2015年01月30日発行 1364号

【竹中平蔵とんでも発言「正社員なくせ」/これがアベノミクス・成長戦略の正体だ】

 安倍政権の産業競争力会議メンバーである竹中平蔵慶応大教授が新年早々、テレビの討論番組で「正社員をなくせ」と発言した。断じて失言などではない。昨年の通常国会から焦点となっている派遣法改悪案、新たに狙われる残業代ゼロ法案を成立させるための確信犯的発言だ。

「正社員は過保護」

 問題の発言は、元日に放送された政治討論番組「朝まで生テレビ元旦スペシャル」で飛び出した。インターネット上の書き起こし発言録によると、竹中は、日本の雇用政策をめぐる辻元清美衆院議員らとの討論の中で「どうして派遣が増えたかというと、…日本の正規労働は世界の中で見て、異常に保護されているからなんですよ」「同一労働同一賃金を目指すと言うんだったら、正社員をなくしましょうって言わなきゃいけない」「全員を正社員にしようとしたから大変なことになった」などと発言した。

 そもそも竹中は、小泉政権で経済財政担当相、総務相、郵政民営化担当相を務め、「小泉構造改革」としてあらゆる規制緩和と民営化を推進してきた。禁止されていた製造業への派遣労働解禁は、竹中が経済財政担当相だった2004年のことだ。

 「全員を正社員にしたら大変なことになる」のはグローバル資本、経営者であり労働者ではない。竹中の発言はグローバル資本の本音を代弁している。

 竹中はまた「みんな多様な働き方をしたい」「派遣でやっている人の7割は当面派遣でやりたいと言っている」とも発言。労働者みずから非正規雇用を望んでいるかのように描き出しているが、これは嘘である。竹中が会長を務める派遣会社、パソナも理事を送り込んでいる業界団体「日本人材派遣協会」の調査でさえ約半数の派遣労働者が「正社員を望む」と答えている。

「希望して非正規」

 裏付ける公的な調査結果もある。厚労省所管の労働政策研究・研修機構がまとめた「労働政策研究報告書」によれば、非正規労働者が非正規を選択した理由として、特に男性では「正社員として働ける会社がなかったから」が1位だ。非正規労働者が増えている原因は、労働者に正規雇用を提供しないグローバル資本にある。男女ともに「自分の都合の良い時間に働けるから」が上位にランクされたのは、正規労働者も長時間労働、休日出勤、サービス残業など非人間的労働実態の中に置かれていることの裏返しである。

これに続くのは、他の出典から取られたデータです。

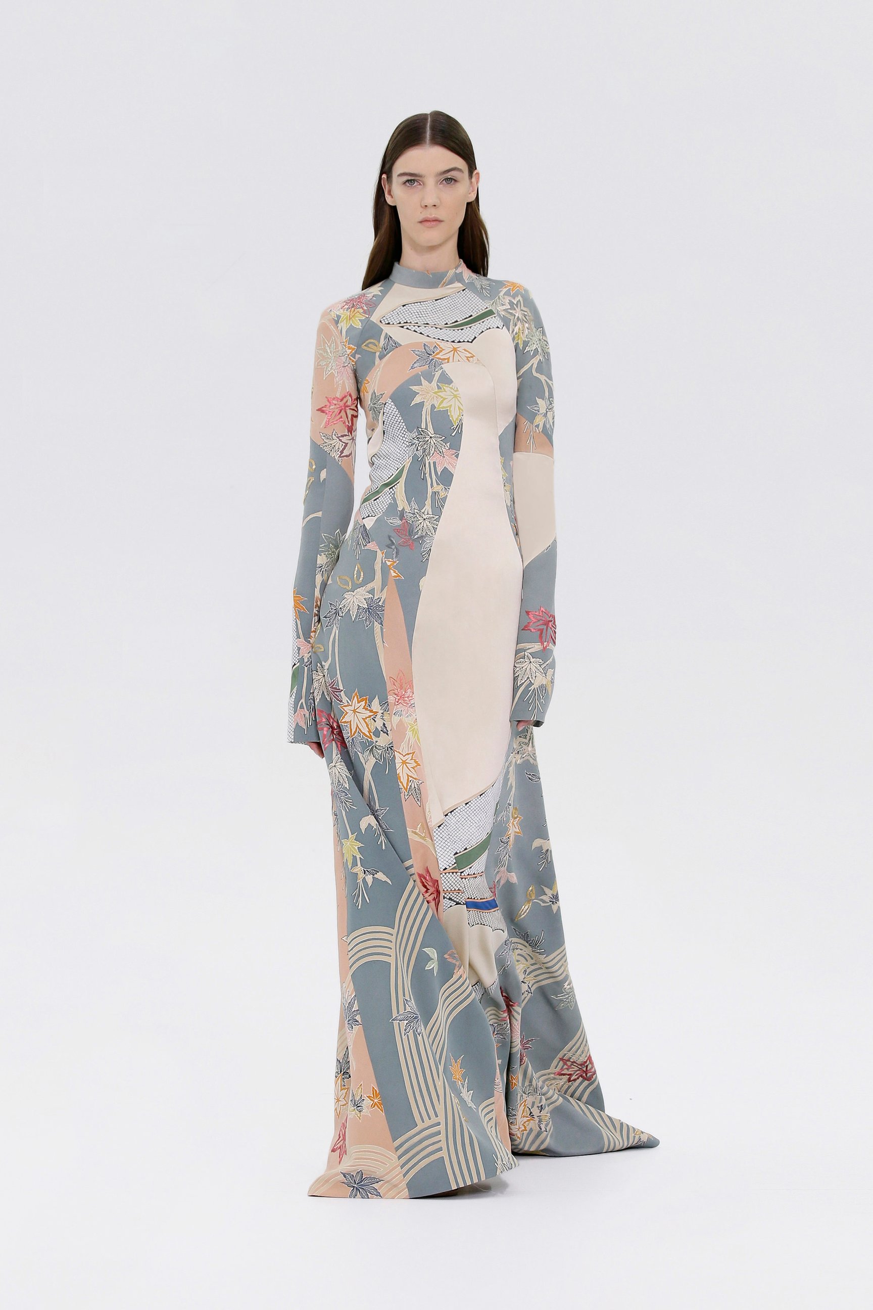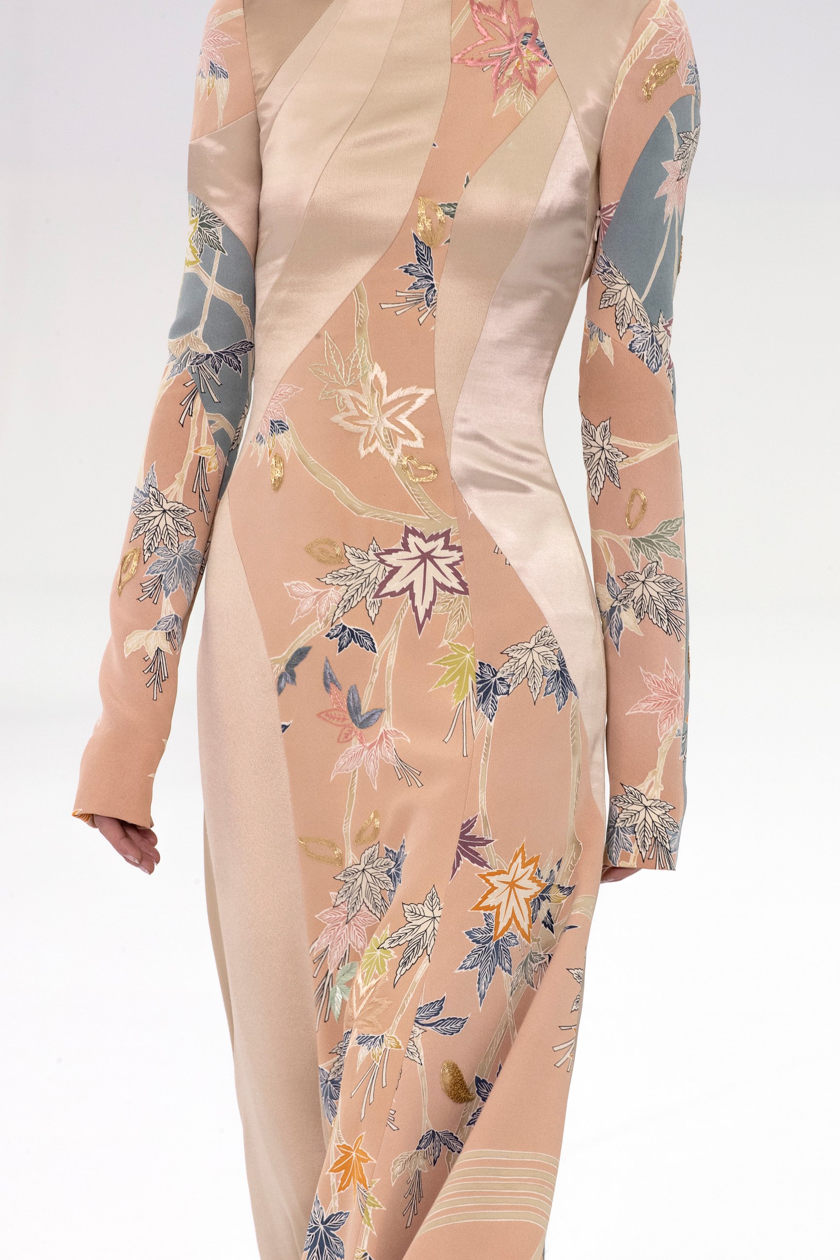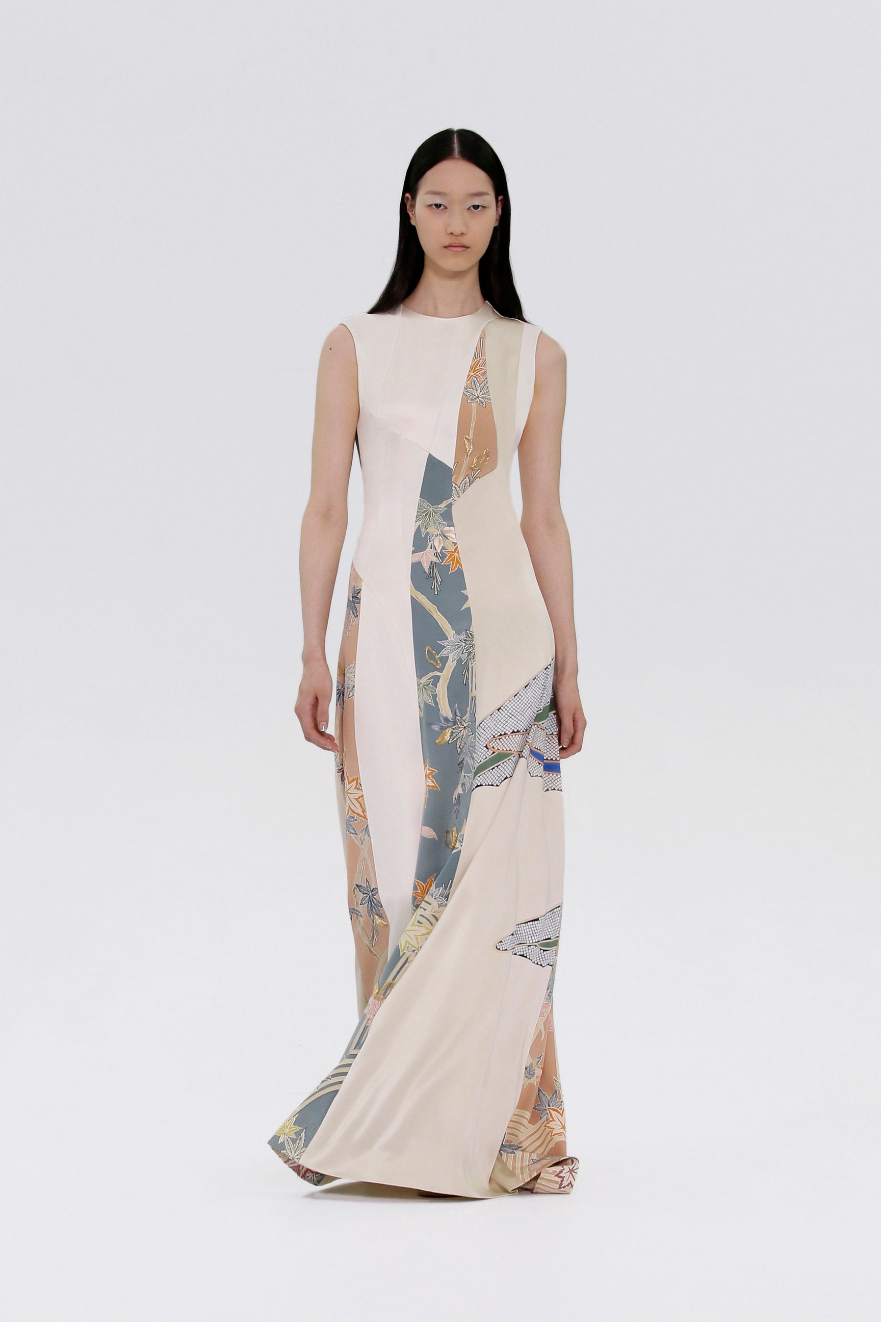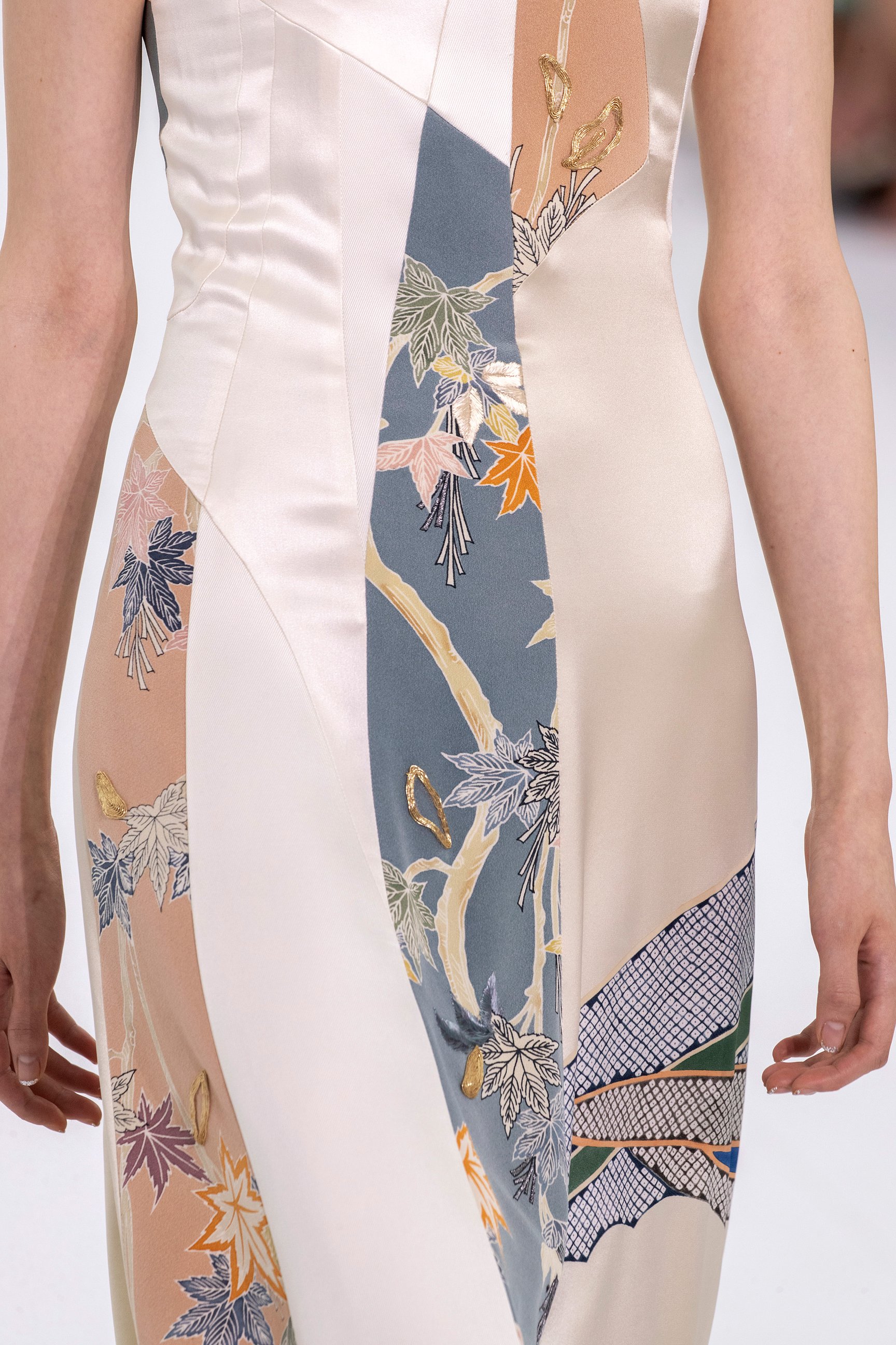 特に際立っていたのは、キム・ジョーンズもよく訪れている地で、コレクションの出発点になったという京都のリファレンス。現地で見つけた18世紀の着物の端布に再解釈を加え、伝統的な型友禅(型紙を用いる染織技法)を用いてテキスタイルを制作した。アシンメトリーで曲線を描くパッチワークによってしなやかに体を包み込む型友禅ドレスは、シックかつモダンに仕上がっている。

 竹中の言う「同一労働同一賃金」は、本来あるべき「同一労働同一賃金」とは全く別物だ。要するに、正規労働者の賃金を切り下げ、低い方、つまり非正規労働者の賃金に揃えようというものにすぎない。「同一労働同一賃金」のこんなふざけた使い方は許されない。

 現在、安倍政権は「女性が輝く社会」のスローガンの下、女性管理職比率を30%にするよう経済界に働きかけている。これに対し、経済界から「女性社員全員を管理職にしても目標を達成できない」「管理職候補がいない」との声が出ている。女性の6割が非正規労働者の現状を放置したままそのような目標など達成できるわけがない。言葉の真の意味での「女性が輝く社会」のためには、非正規労働者の正規化が最優先のはずだ。竹中が目指すのは、全く逆の一億総非正規化政策だ。

派遣労働こそなくせ

 政府は1月26日開会の通常国会に、派遣法改悪案の再提出、残業代ゼロ法案提出を狙っている。派遣など非正規労働をさらに拡大し、正規労働者には残業代なしで過労死するまで働くことを求め、非人間的労働実態の男性と同等かそれ以上に働く女性だけを経済成長のために「活用」する―これこそアベノミクスと「成長戦略」の正体だ。

 派遣法改悪、残業代ゼロ法制定を阻止しよう。正社員ではなく派遣労働こそなくし、すべての労働者が人間らしく働き生活できる均等待遇を実現させよう。